Posted on December 6, 2011 in Social Security Delivery System

Source: — Authors: – news/canada
Published On Sun Dec 04 2011.   Laurie Monsebraaten, Social Policy Reporter

A 2009 decision to boost the Ontario Child Benefit to cushion struggling families during the recession helped pull 19,000 children out of poverty, advocates say in a new report on the province’s anti-poverty efforts.

But on the third anniversary of Ontario’s Dec. 4, 2008 pledge to cut child poverty by 25 per cent by 2013, more action is needed if the province hopes to meet its target, warns the 25 in 5 Network for Poverty Reduction in a report being released Monday.

“Given the slow recovery from the recession and growing income inequality, now is not the time for the provincial government to sit on its laurels,” says Mike Creek, chair of the network which represents more than 100 provincial groups and individuals working to eliminate poverty.

“Targeted action is urgently needed, including expanding poverty reduction targets to include adults — especially singles — and addressing equity for groups more at risk of poverty,” adds Creek of Voices from the Street, which provides advocacy training for people with histories of homelessness.

Child poverty in Ontario dropped by 4 per cent to 14.6 child per cent in 2009. However, Ontario’s progress is still a long way off its 25-per-cent goal of lifting 90,000 children out of poverty, the coalition says.

Toronto single mother Jasmine Russell is grateful for the extra $42 a month in child benefits she began receiving in July 2009 for each of her boys ages 8 and 16.

However, the increase, which boosted her monthly child benefit to $92 per child, was offset by welfare restructuring that caused her monthly cheque to drop by almost as much.

If she could complete high school and get a job, then she would be truly ahead, says Russell, who has struggled on and off welfare since she became pregnant as a teenager.

“Every time I got a job, all the money went to babysitting,” she says. “I couldn’t get a (daycare) subsidy to go back to school because I wasn’t in school for enough hours. It was just impossible.”

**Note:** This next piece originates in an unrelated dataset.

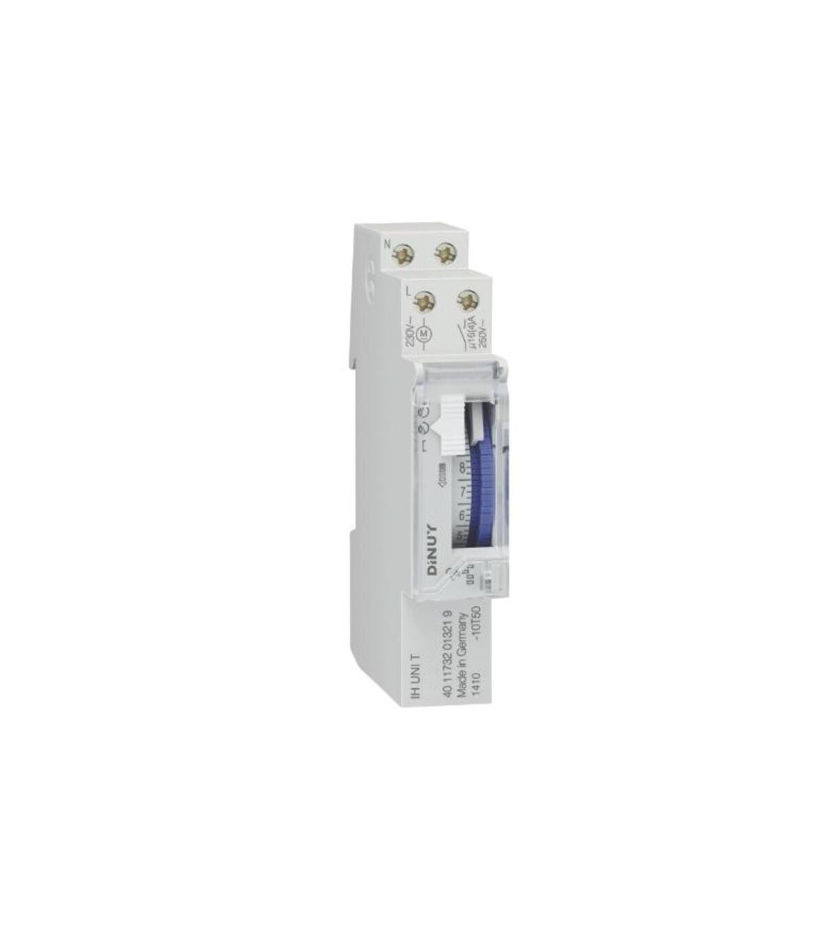 Un seul module. Interrupteur manuel : marche permanente ou automatique. Pas de réserve de puissance. Programmation simple grâce aux supports de montage intégrés. Lecture aisée des réglages programmés. Installation simple. Le Dinuy IH UNI T est un interrupteur horaire analogique monomodule pour montage sur rail DIN, conçu pour la régulation automatique des charges électriques par cycles de 24 heures. Fonctionnant sans réserve de puissance, il perd sa programmation en cas de coupure de courant.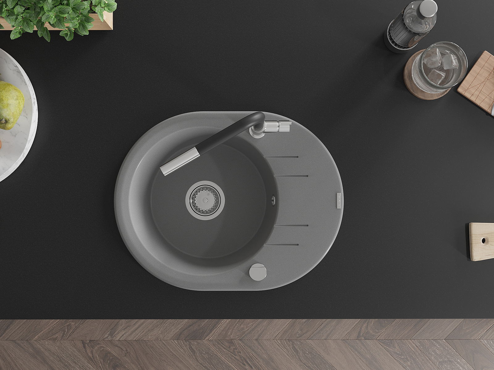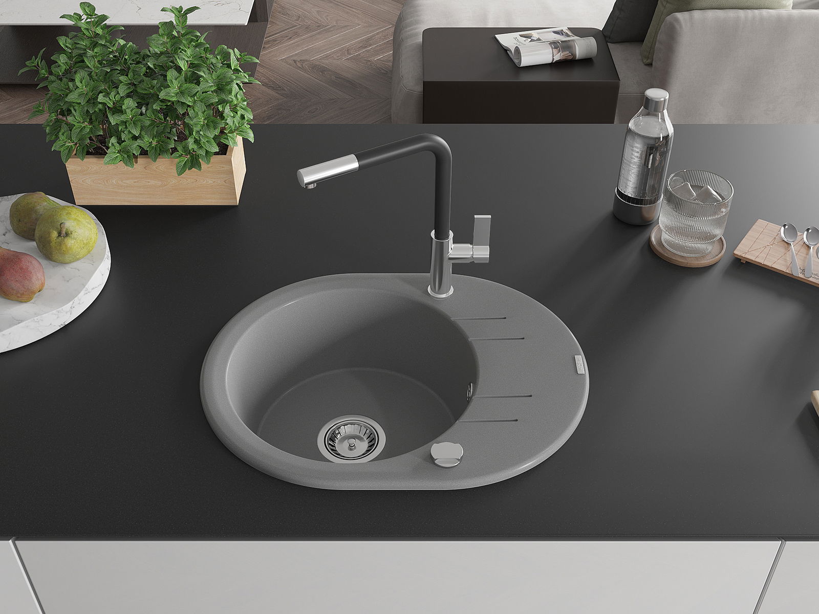 Мивката е направена от висококачествен гранит. Това е елегантно и най -вече практично допълнение към всяка кухня, независимо от нейния стил. Висококачествената и гранитна издръжливост осигуряват много години употреба.

Russell’s monthly federal and provincial child benefits amount to $793 and barely cover food, clothing and school supplies for her growing boys, she says. Meantime, there is little left from the family’s $971 monthly welfare cheque after Russell pays her $800 rent.

“Everything goes to my boys,” she says, “I buy my clothes at the dollar store or Salvation Army.”

The network’s report says there is common ground across all provincial parties to move forward on poverty reduction.

This includes a new housing benefit to help low-income households and support for the province’s social assistance reform commission, expected to report next summer. All parties have also expressed support for allowing people on welfare to keep more of their earnings from part-time jobs, reviewing the minimum wage, raising the child benefit to $1,310 and strengthening employment protections for vulnerable workers.

Since 2008, Ontario has used Statistics Canada’s Low Income Measure (LIM) after taxes to measure poverty. By this measure, a child living in a family with an income that is less than half of the median family income, after taxes, is considered poor. Russell’s annual after-tax income is about $21,600. The after-tax LIM for a parent and two children in 2009 was about $27,975.